The Weight of Glory (5) Times Three

“For momentary, light affliction is producing for us an eternal weight of glory far beyond all comparison” 2 Corinthians 4:17

Eternal – Greek has three different words for temporal durations.  One is chronos.  Time lapse in measured intervals.  A clock is a chronometer – a time measuring device.  The second is kairos.  Eventful time.  The emphasis is not on how long but how important.  The time of the Lord’s coming.  The time of the harvest.  The third is aeon.  This is time as a span.  A long duration, either in the past of the future, of unspecified length.  We might used the word “age”.  The age of the dinosaurs.  The coming age of the new earth.

What word does Paul choose?  Is his vocabulary about clock time, significant time or a long duration?  Is “eternal” endless days and nights or is it momentous occasions or is it unspecified continuing?  Paul choose aeon.  Why?  Perhaps he wants to emphasize the contrast with “momentary”, a thought that is anchored in measured time.  Perhaps he wants to push us to think about the gentle flow of being in the presence of God always.  But certainly he wants us to see that the contrast is radical.  So radical that he can’t use the same conceptual framework for the two ideas.  Momentary measuring is not even quantitatively in the same ballpark.  How many moments do you have to count to get to eternity?

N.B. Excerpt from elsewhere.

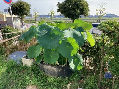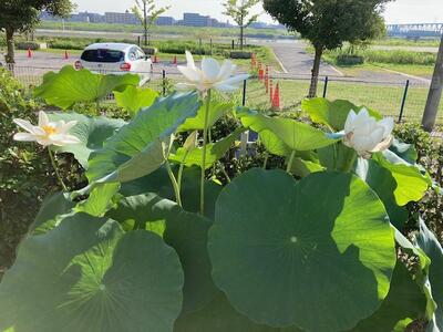白い可憐な「はすの花」が、早朝、暑さに負けず、きれいに咲いています。背丈も葉っぱもぐんぐん大きくなってきました!
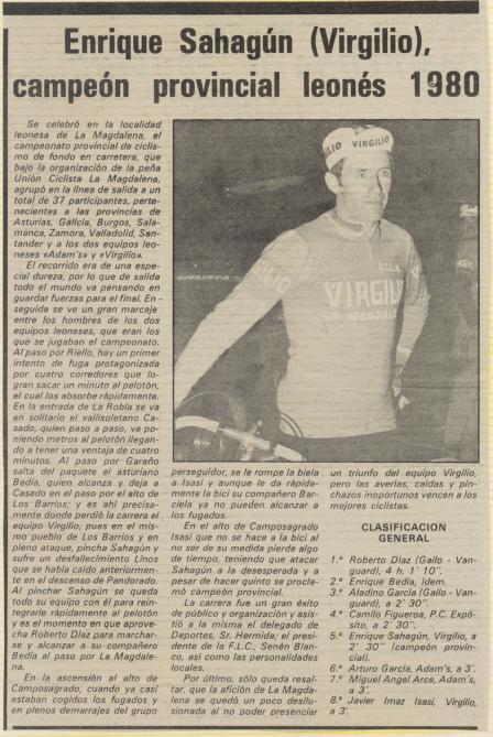 Hubo una época en que el ciclismo fué muy popular en La Magdalena, pero todo pasa en la vida, y esa época, pasó. Ahora no hay nada,... ya ni casi gente, en el invierno se quedan los pueblos vacios, es una pena, pero así es. Tambien hubo afición al moto cros, habia dos corredores en el pueblo El Vico y Chus Jesús, se organizaban corridas en moto por el monte, se iba a las que habia en Valencia de Don Juan, en Astorga, en Benavides, en La Bañeza,....

So, says Paul, nothing that attempts to crush now can compare with the circumstances later.  First because God intends it to be easy to bear, even if we keep trying to lift it ourselves, and secondly, because what we do with life now can become an honor, rewarded by knowing we are privileged to travel the road with His Son.  A little now can’t even be measured on the same scale of the eternal later.

Do you want to know the best part?  God still counts the moment by moment as if it had eternal consequence.  God honors our tiny fractions of light affliction time with eternal results.  There is no better return on effort than that!  Albert Einstein said that the greatest invention of mankind was compound interest.  He may have been right within the human frame, but he missed the greatest return of all creation.  Light moments producing eternal weight.